# Data for review
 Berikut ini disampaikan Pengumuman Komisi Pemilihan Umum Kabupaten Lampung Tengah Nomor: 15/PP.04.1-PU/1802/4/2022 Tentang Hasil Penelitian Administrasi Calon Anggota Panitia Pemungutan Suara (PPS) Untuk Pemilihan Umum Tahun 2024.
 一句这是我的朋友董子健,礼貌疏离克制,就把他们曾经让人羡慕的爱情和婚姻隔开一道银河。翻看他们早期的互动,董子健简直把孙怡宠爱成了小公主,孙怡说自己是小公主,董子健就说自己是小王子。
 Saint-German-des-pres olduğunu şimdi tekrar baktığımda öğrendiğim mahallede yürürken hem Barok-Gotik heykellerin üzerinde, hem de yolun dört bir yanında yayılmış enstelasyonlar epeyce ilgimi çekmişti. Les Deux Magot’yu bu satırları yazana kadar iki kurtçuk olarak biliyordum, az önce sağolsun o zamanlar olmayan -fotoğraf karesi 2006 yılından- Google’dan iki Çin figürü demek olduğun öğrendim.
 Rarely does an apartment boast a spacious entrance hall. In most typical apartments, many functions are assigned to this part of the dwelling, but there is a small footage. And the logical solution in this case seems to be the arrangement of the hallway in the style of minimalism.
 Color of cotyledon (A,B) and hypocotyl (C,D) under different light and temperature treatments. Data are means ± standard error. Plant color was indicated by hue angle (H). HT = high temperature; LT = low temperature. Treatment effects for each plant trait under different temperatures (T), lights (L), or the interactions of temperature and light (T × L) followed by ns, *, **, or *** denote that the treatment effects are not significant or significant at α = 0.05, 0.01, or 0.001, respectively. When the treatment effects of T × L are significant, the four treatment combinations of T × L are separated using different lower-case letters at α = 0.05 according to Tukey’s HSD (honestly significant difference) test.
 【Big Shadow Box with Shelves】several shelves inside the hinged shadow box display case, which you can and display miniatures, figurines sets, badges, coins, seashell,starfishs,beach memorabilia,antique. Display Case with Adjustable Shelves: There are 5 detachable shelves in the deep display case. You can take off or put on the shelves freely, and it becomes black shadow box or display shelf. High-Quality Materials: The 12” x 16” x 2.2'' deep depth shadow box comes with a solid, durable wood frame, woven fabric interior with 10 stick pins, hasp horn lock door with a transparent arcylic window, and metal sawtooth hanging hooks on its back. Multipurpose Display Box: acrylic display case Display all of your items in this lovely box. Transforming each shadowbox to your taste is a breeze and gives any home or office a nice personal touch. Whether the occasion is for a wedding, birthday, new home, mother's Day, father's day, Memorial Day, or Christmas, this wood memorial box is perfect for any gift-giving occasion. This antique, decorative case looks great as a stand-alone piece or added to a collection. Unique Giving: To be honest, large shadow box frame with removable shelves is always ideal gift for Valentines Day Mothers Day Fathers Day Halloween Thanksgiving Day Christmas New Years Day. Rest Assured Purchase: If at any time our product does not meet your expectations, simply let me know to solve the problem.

# Task to carry out
Find the lines of the listing above that hold "does". Please copy them.

# Answer to this task
 Rarely does an apartment boast a spacious entrance hall. In most typical apartments, many functions are assigned to this part of the dwelling, but there is a small footage. And the logical solution in this case seems to be the arrangement of the hallway in the style of minimalism.
 【Big Shadow Box with Shelves】several shelves inside the hinged shadow box display case, which you can and display miniatures, figurines sets, badges, coins, seashell,starfishs,beach memorabilia,antique. Display Case with Adjustable Shelves: There are 5 detachable shelves in the deep display case. You can take off or put on the shelves freely, and it becomes black shadow box or display shelf. High-Quality Materials: The 12” x 16” x 2.2'' deep depth shadow box comes with a solid, durable wood frame, woven fabric interior with 10 stick pins, hasp horn lock door with a transparent arcylic window, and metal sawtooth hanging hooks on its back. Multipurpose Display Box: acrylic display case Display all of your items in this lovely box. Transforming each shadowbox to your taste is a breeze and gives any home or office a nice personal touch. Whether the occasion is for a wedding, birthday, new home, mother's Day, father's day, Memorial Day, or Christmas, this wood memorial box is perfect for any gift-giving occasion. This antique, decorative case looks great as a stand-alone piece or added to a collection. Unique Giving: To be honest, large shadow box frame with removable shelves is always ideal gift for Valentines Day Mothers Day Fathers Day Halloween Thanksgiving Day Christmas New Years Day. Rest Assured Purchase: If at any time our product does not meet your expectations, simply let me know to solve the problem.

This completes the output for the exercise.